EXERCISE DESCRIPTION: In the data, extract each line that holds the string "time".
++++ SUPPLIED MATERIAL
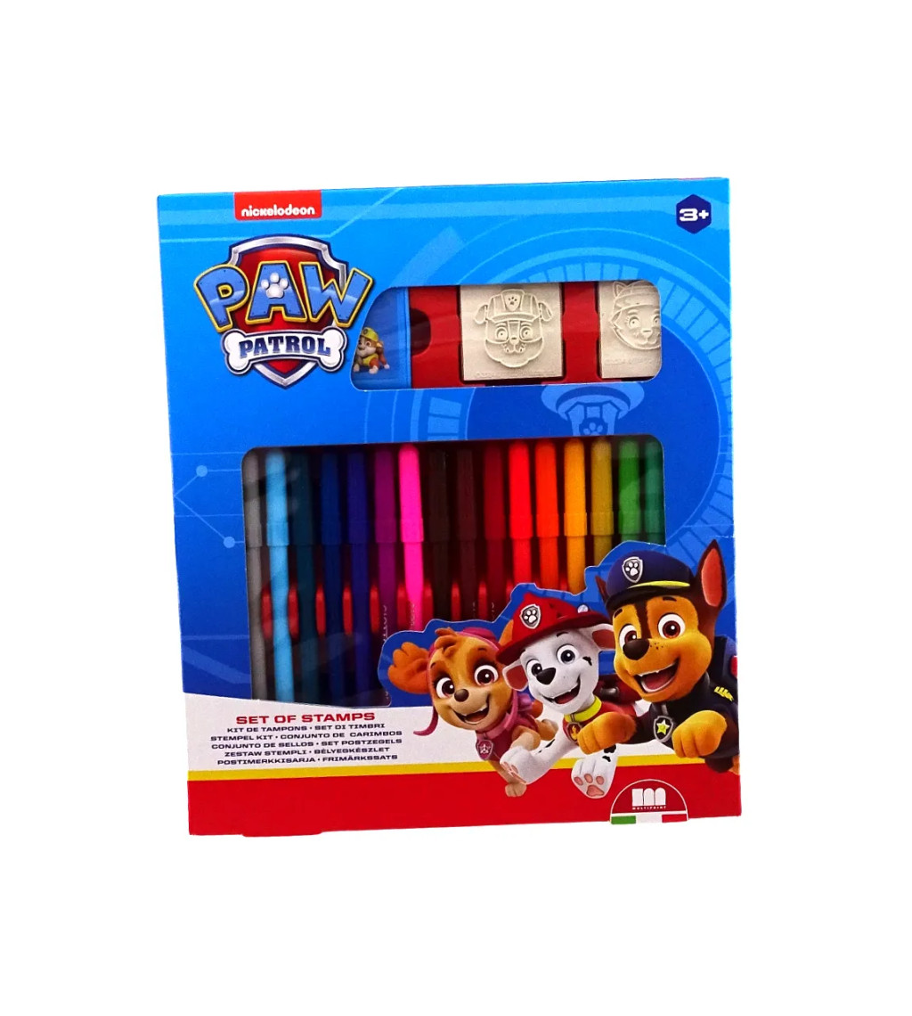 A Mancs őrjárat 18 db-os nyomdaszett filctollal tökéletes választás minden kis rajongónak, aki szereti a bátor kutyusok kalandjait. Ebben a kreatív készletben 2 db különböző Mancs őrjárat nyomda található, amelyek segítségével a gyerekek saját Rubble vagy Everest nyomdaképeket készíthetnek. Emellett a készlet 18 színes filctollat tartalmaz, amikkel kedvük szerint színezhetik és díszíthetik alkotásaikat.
++++++++
++++ SUPPLIED MATERIAL
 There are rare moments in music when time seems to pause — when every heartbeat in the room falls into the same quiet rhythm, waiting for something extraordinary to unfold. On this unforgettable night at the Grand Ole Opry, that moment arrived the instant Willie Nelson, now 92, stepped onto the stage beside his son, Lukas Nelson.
++++++++
++++ SUPPLIED MATERIAL
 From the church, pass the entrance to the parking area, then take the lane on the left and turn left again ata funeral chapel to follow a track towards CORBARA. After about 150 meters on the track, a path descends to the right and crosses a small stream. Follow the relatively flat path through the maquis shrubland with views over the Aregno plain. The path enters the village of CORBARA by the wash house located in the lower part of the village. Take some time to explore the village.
++++++++
RESULT:
 There are rare moments in music when time seems to pause — when every heartbeat in the room falls into the same quiet rhythm, waiting for something extraordinary to unfold. On this unforgettable night at the Grand Ole Opry, that moment arrived the instant Willie Nelson, now 92, stepped onto the stage beside his son, Lukas Nelson.
 From the church, pass the entrance to the parking area, then take the lane on the left and turn left again ata funeral chapel to follow a track towards CORBARA. After about 150 meters on the track, a path descends to the right and crosses a small stream. Follow the relatively flat path through the maquis shrubland with views over the Aregno plain. The path enters the village of CORBARA by the wash house located in the lower part of the village. Take some time to explore the village.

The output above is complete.